DeepMind’s StarCraft 2 AI is now better than 99.8 percent of all human players
DeepMind today announced a new milestone for its artificial intelligence agents trained to play the Blizzard Entertainment game StarCraft II. The Google-owned AI lab’s more sophisticated software, still called AlphaStar, is now grandmaster level in the real-time strategy game, capable of besting 99.8 percent of all human players in competition. The findings are to be published in a research paper in the scientific journal Nature.

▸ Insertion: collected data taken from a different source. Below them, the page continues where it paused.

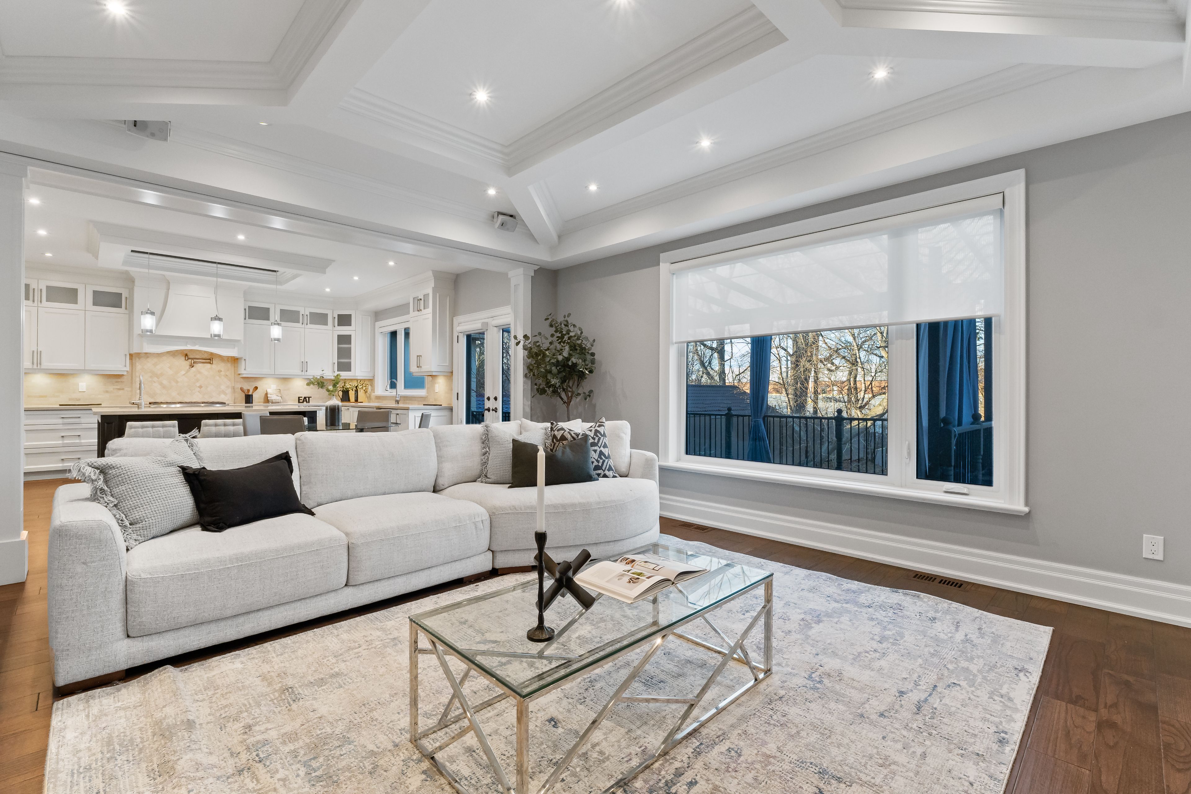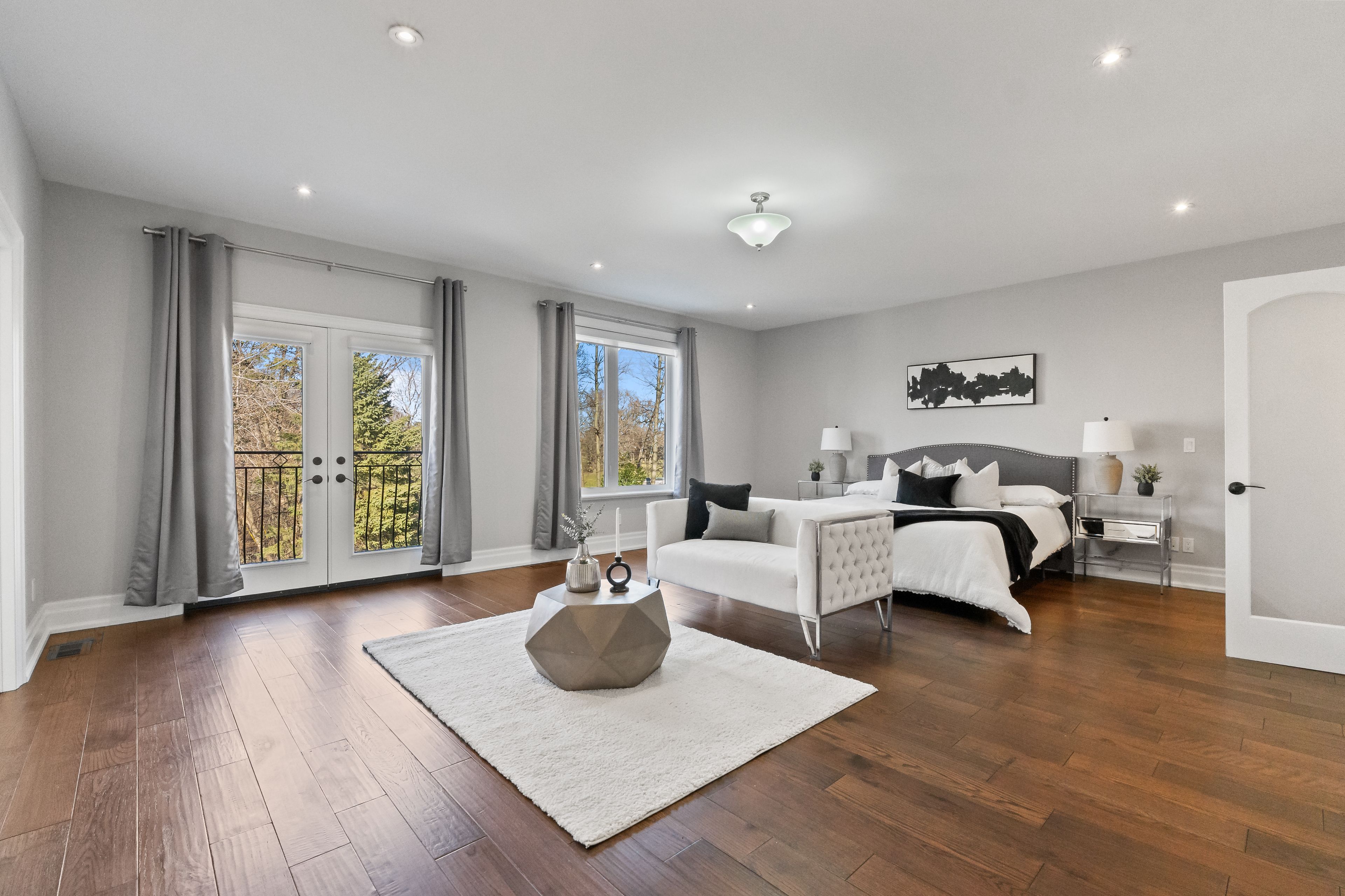 • Open concept design with high ceilings and large windows for natural light.
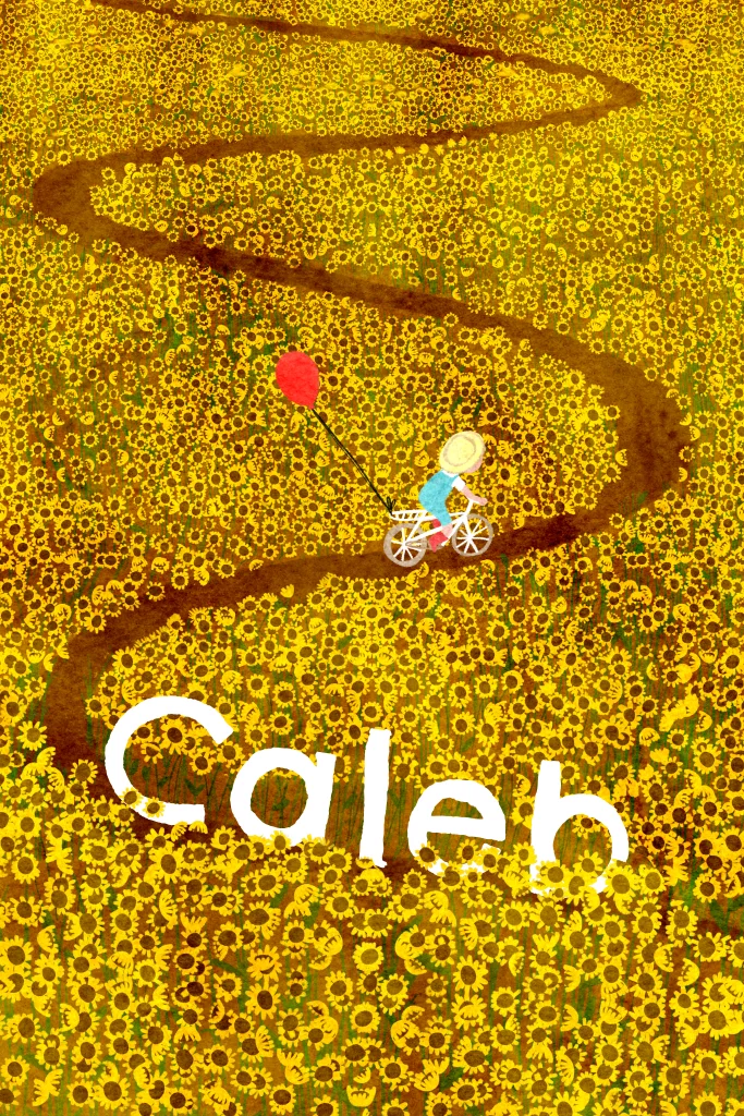 Een geboortekaartje met een illustratie als een schilderijtje. Een veld vol met zonnebloemen, en een lief jongetje op een fietsje met een zonnehoedje. Samen met zijn ballon fietst hij onderweg naar avontuur!
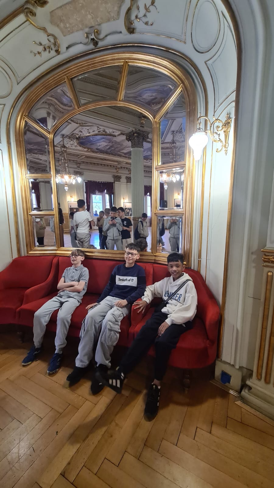 On April 30th, 2025, MYP0 and MYP1 students visited the Croatian National Theatre for an expert-guided backstage tour. First, we explored the actors’ changing rooms and went beneath the stage to see the mechanisms behind the plays’ special effects - such as small elevators that lift actors and props on and off the stage, and a carousel that can rotate during performances. We also visited the orchestral pit, the space below the stage where the musicians perform. We learned that the Croatian National Theatre hosts ballet, drama, and opera performances - all taking place on a single, large stage. Next, we visited the Emperor’s Salon, also known as the Golden Salon, and even got a glimpse of the emperor’s private bathroom, which was beautifully decorated with painted ceramics. We then went to see his private balcony. We were surprised to discover that the view from there wasn’t very good, it was mainly designed so the audience could see the emperor, rather than for him to watch the play comfortably. We also took a closer look at the audience area. We learned that the theatre currently has around 850 seats, although there used to be more. Many were removed because the room would become too crowded. Our guide also told us about the ceiling fresco and the chandelier, and we learned that the stage has nine curtains, including an iron curtain used in case of fire! At the end of the tour, we walked through the underground tunnel leading to the ballet rehearsal rooms and learned about the theatre’s internal communication system.

Not only that, but DeepMind says it also evened the playing field when testing the new and improved AlphaStar against human opponents who opted into online competitions this past summer. For one, it trained AlphaStar to use all three of the game’s playable races, adding to the complexity of the game at the upper echelons of pro play. It also limited AlphaStar to only viewing the portion of the map a human would see and restricted the number of mouse clicks it could register to 22 non-duplicated actions every five seconds of play, to align it with standard human movement.
The AI was capable of achieving grandmaster level, the highest possible online competitive ranking, and marks the first ever system to do so in StarCraft II. DeepMind sees the advancement as more proof that general-purpose reinforcement learning, which is the machine learning technique underpinning the training of AlphaStar, may one day be used to train self-learning robots, self-driving cars, and create more advanced image and object recognition systems.